We maintain a sliding window of the last k elements using a hash set. For each new element, we check if it's already in the window (O(1) lookup). If found, we have a duplicate within distance k. Otherwise, we add it and remove the oldest element to maintain the window size.
- approach_name: Hash Map with Index Tracking
is_optimal: false
code: |
def contains_nearby_duplicate(nums: list[int], k: int) -> bool:
# Map each value to its most recent index
last_seen = {}
for i, num in enumerate(nums):
# Check if we've seen this number before
if num in last_seen:
# Check if the previous occurrence is within distance k
if i - last_seen[num] <= k:
return True
# Update the most recent index for this number
last_seen[num] = i
return False
explanation: |
**Time Complexity:** O(n) — Single pass with O(1) hash map operations.
**Space Complexity:** O(n) — In the worst case, all elements are unique and stored in the map.
This approach stores the last seen index for each value. When we encounter a number we've seen before, we check if the distance is within k. While correct and efficient, it uses more space than the sliding window approach when k is small relative to n.

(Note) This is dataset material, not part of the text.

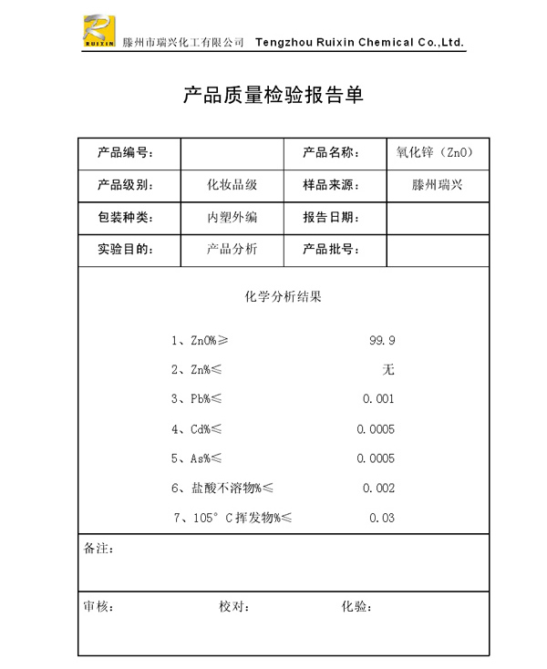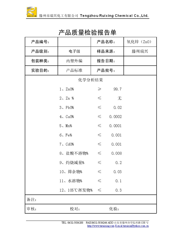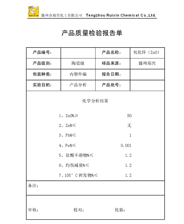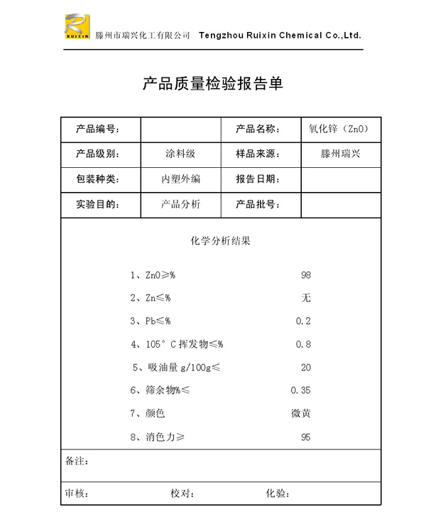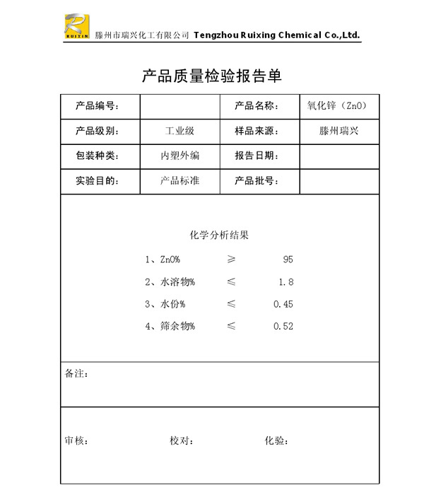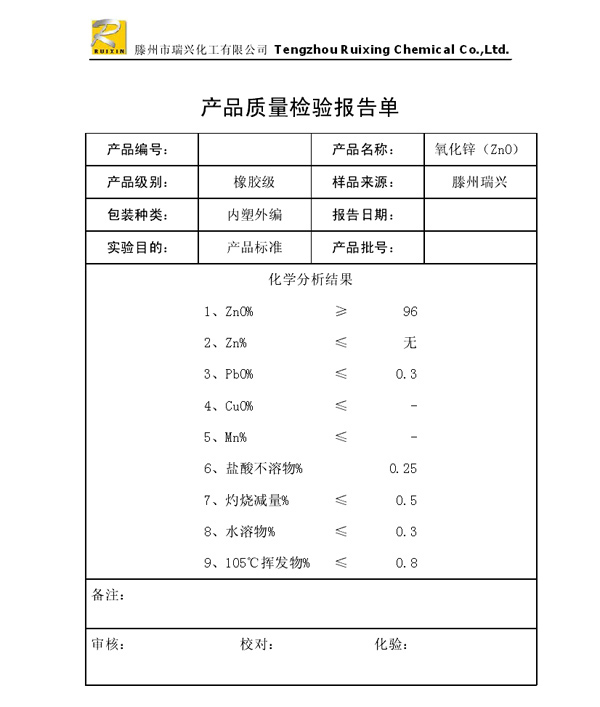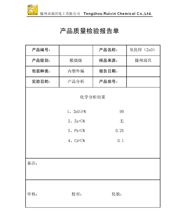 瑞興化工有限公司是生產(chǎn)氧化鋅的重點(diǎn)企業(yè),于2008年通過(guò)ISO9001:2008質(zhì)量管理體系認(rèn)證?!叭鹋d”牌氧化鋅在國(guó)內(nèi)擁有較大穩(wěn)定的市場(chǎng),并遠(yuǎn)銷東南亞、中東、中南美等國(guó)家和地區(qū),在國(guó)內(nèi)外享有較高聲譽(yù)。

- approach_name: Brute Force
is_optimal: false
code: |
def contains_nearby_duplicate(nums: list[int], k: int) -> bool:
n = len(nums)
# Check each element against the next k elements
for i in range(n):
# Only check within the valid range
for j in range(i + 1, min(i + k + 1, n)):
if nums[i] == nums[j]:
return True
return False
explanation: |
**Time Complexity:** O(n × k) — For each element, we check up to k subsequent elements.
**Space Complexity:** O(1) — No additional data structures used.
This straightforward approach checks every valid pair. While it passes small test cases, it will TLE on large inputs where both n and k approach 10^5. Included to illustrate why the hash-based approaches are necessary.